*** DATA PROVIDED Section Begins ***
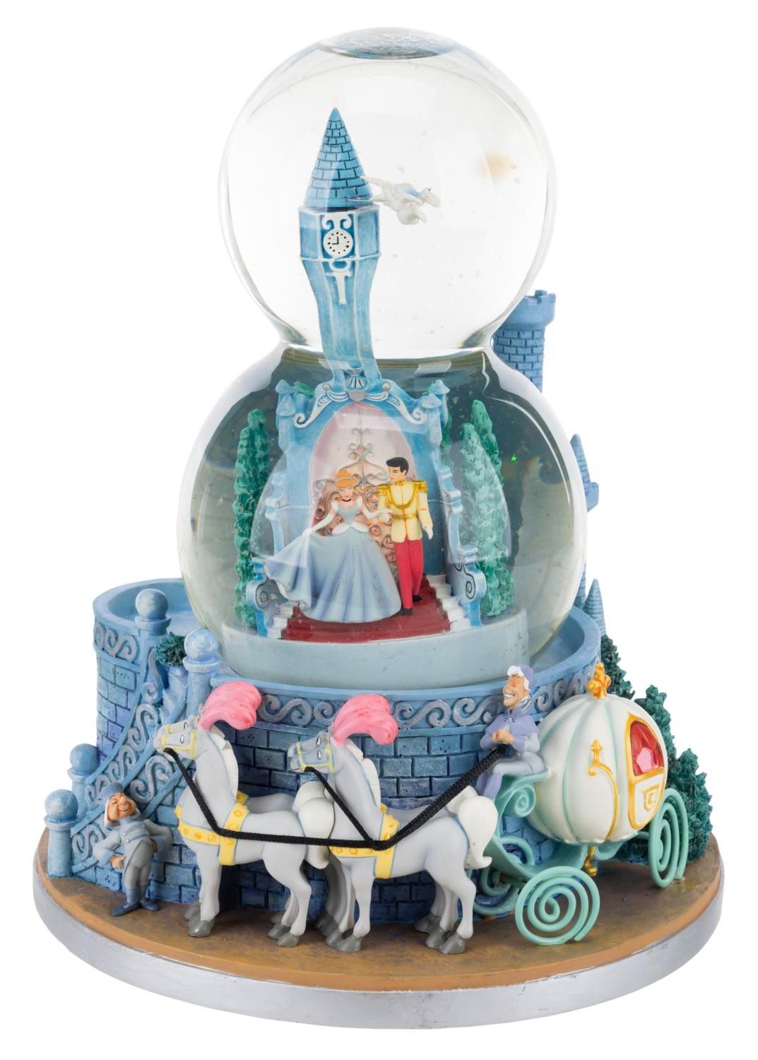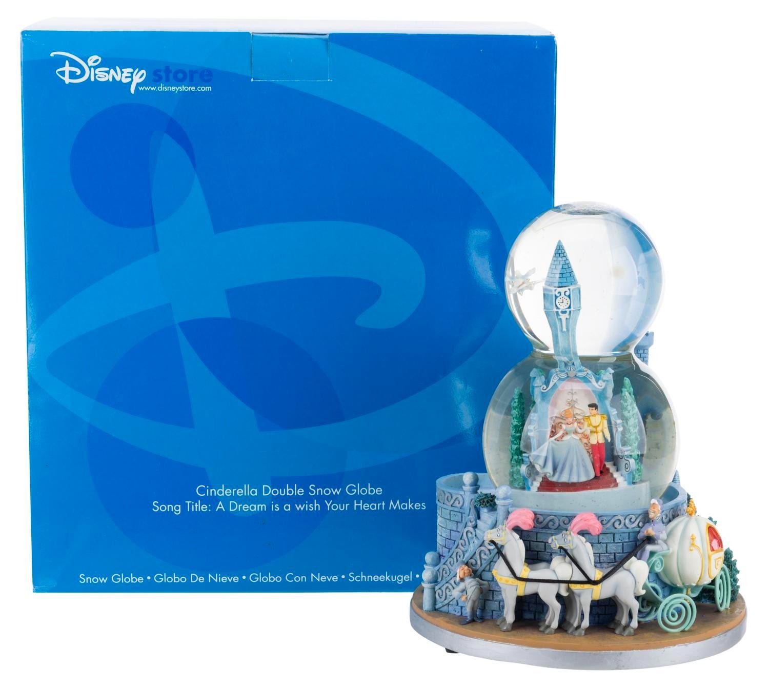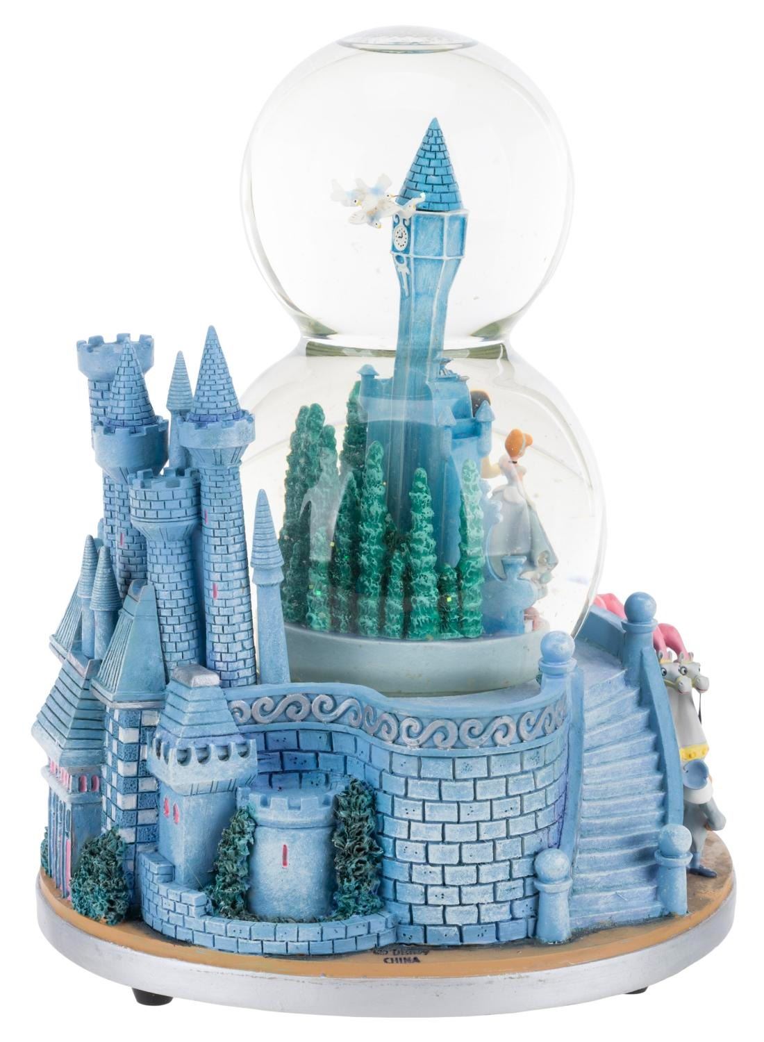 (The Disney Store, 1990s-2000s) A musical "Cinderella" double snow globe. When wound, the snow globe plays "A Dream is a Wish Your Heart Makes," while birds fly around the clock tower. Measuring 6.75" x 6.75" x 9" tall, the globe is in very good condition overall with light discoloration and soiling to the water.
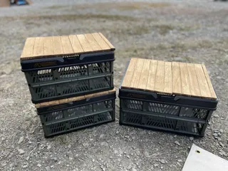 カインズで売っている「折りたたみコンテナ」の色がカッコよかったので、キャンプで荷物を運んだりするのに使っています。 ちょこっとDIYで100均の木材で畳める「天板」を作って、テーブルにしました。 ※以前投降した「コーヒースタンド」の写真。ここで映っているテーブルも実は「オリコンテーブル」
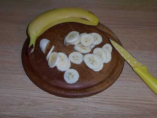 - Отставляем миску в сторону на 10 минут, чтобы тесто «созрело». Бананы промываем, освобождаем от кожуры, режем в меру тонкими кружками. Получится около 400 грамм начинки.
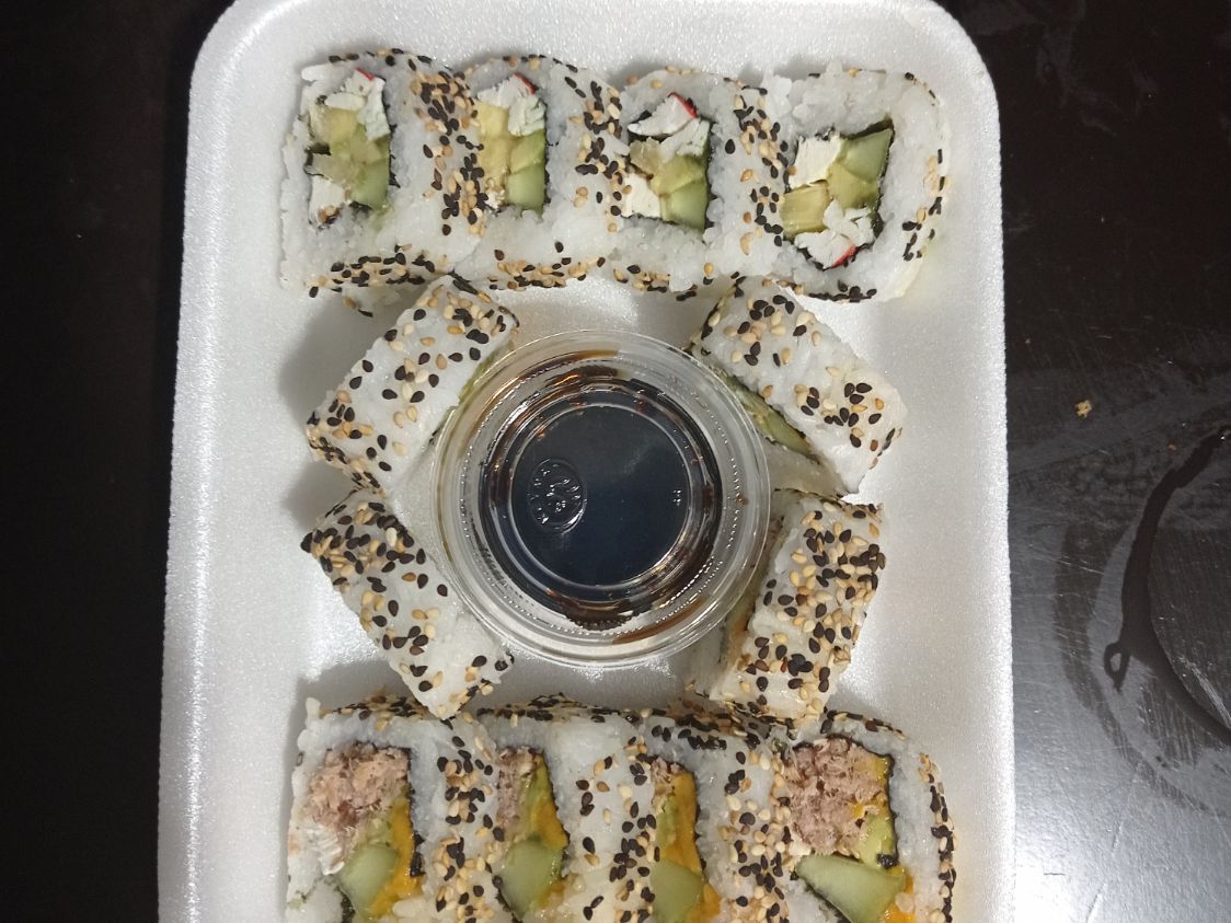 6pzs Nori roll atun, 6pzs clasico de cangrego y 6pzs de frutal foll
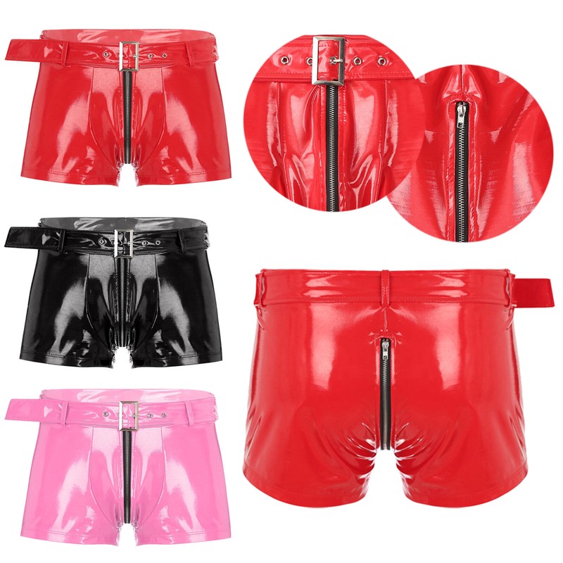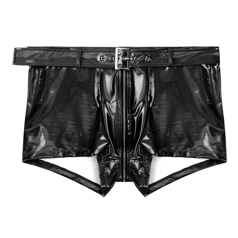 US Mens PVC Leather Wet Look Shorts Bulge Pouch Hot Pants Zipper Cortch Swimwear
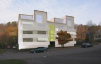Die Räume treten nun durchgängig als weisse Raumskulptur in Erscheinung. Neue, je nach Situation unterschiedlich angeschlagene Fenster erlauben differenzierte Ein- und Ausblicke. Alle Holzarbeiten sind in Lärchenholz ausgebildet und schaffen einen Kontrast zu den weiss gekalkten Wänden. Als architektonische und soziale Mitte des Hauses wurde ein traditioneller Kachelofen eingebaut.
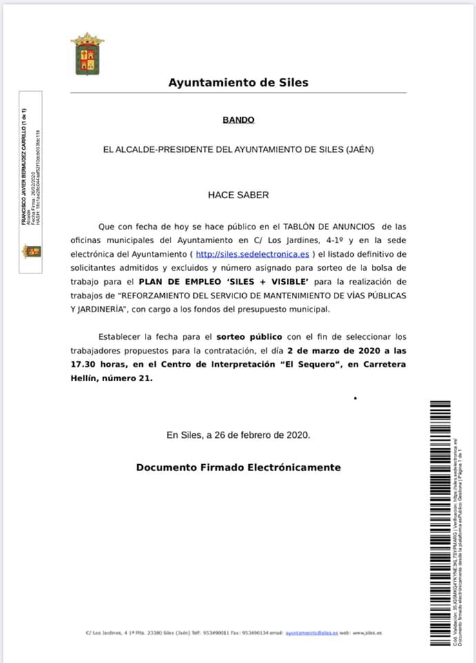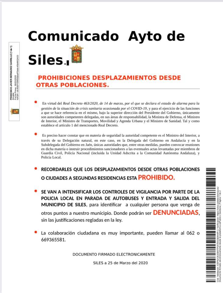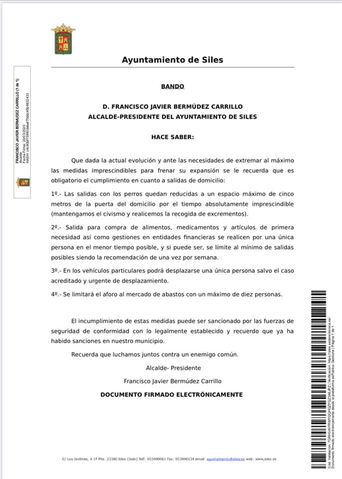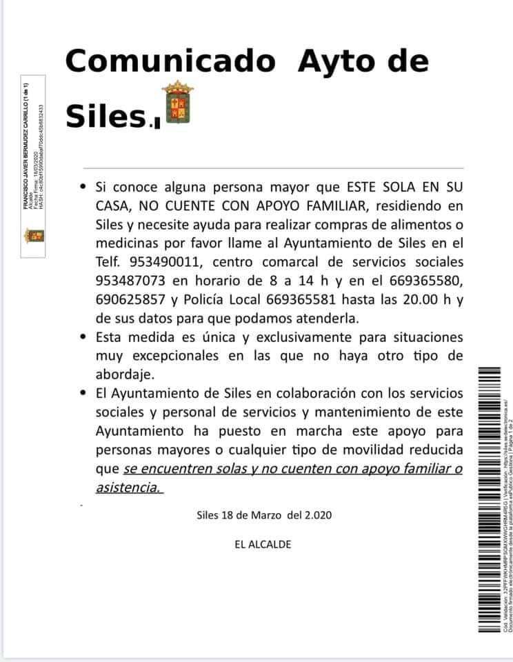 NUEVA E IMPORTANTE MEDIDA TOMADA POR EL EXCMO AYUNTAMIENTO DE SILES. Esta vez es destinada para el colectivo más vulnerable de nuestro pueblo en estos momentos como son NUESTR@S MAYORES. . Gracias al personal del Ayto , tanto de oficinas , policía local como mantenimiento y servicios por su colaboración .
*** DATA PROVIDED Section Ends ***
_WORK TO BE COMPLETED_
Would you copy, exactly, each line from the start of the listing above through the line with "US Mens PVC", both ends included, but none of the pictures?

_RESULT_
 (The Disney Store, 1990s-2000s) A musical "Cinderella" double snow globe. When wound, the snow globe plays "A Dream is a Wish Your Heart Makes," while birds fly around the clock tower. Measuring 6.75" x 6.75" x 9" tall, the globe is in very good condition overall with light discoloration and soiling to the water.
 カインズで売っている「折りたたみコンテナ」の色がカッコよかったので、キャンプで荷物を運んだりするのに使っています。 ちょこっとDIYで100均の木材で畳める「天板」を作って、テーブルにしました。 ※以前投降した「コーヒースタンド」の写真。ここで映っているテーブルも実は「オリコンテーブル」
 - Отставляем миску в сторону на 10 минут, чтобы тесто «созрело». Бананы промываем, освобождаем от кожуры, режем в меру тонкими кружками. Получится около 400 грамм начинки.
 6pzs Nori roll atun, 6pzs clasico de cangrego y 6pzs de frutal foll
 US Mens PVC Leather Wet Look Shorts Bulge Pouch Hot Pants Zipper Cortch Swimwear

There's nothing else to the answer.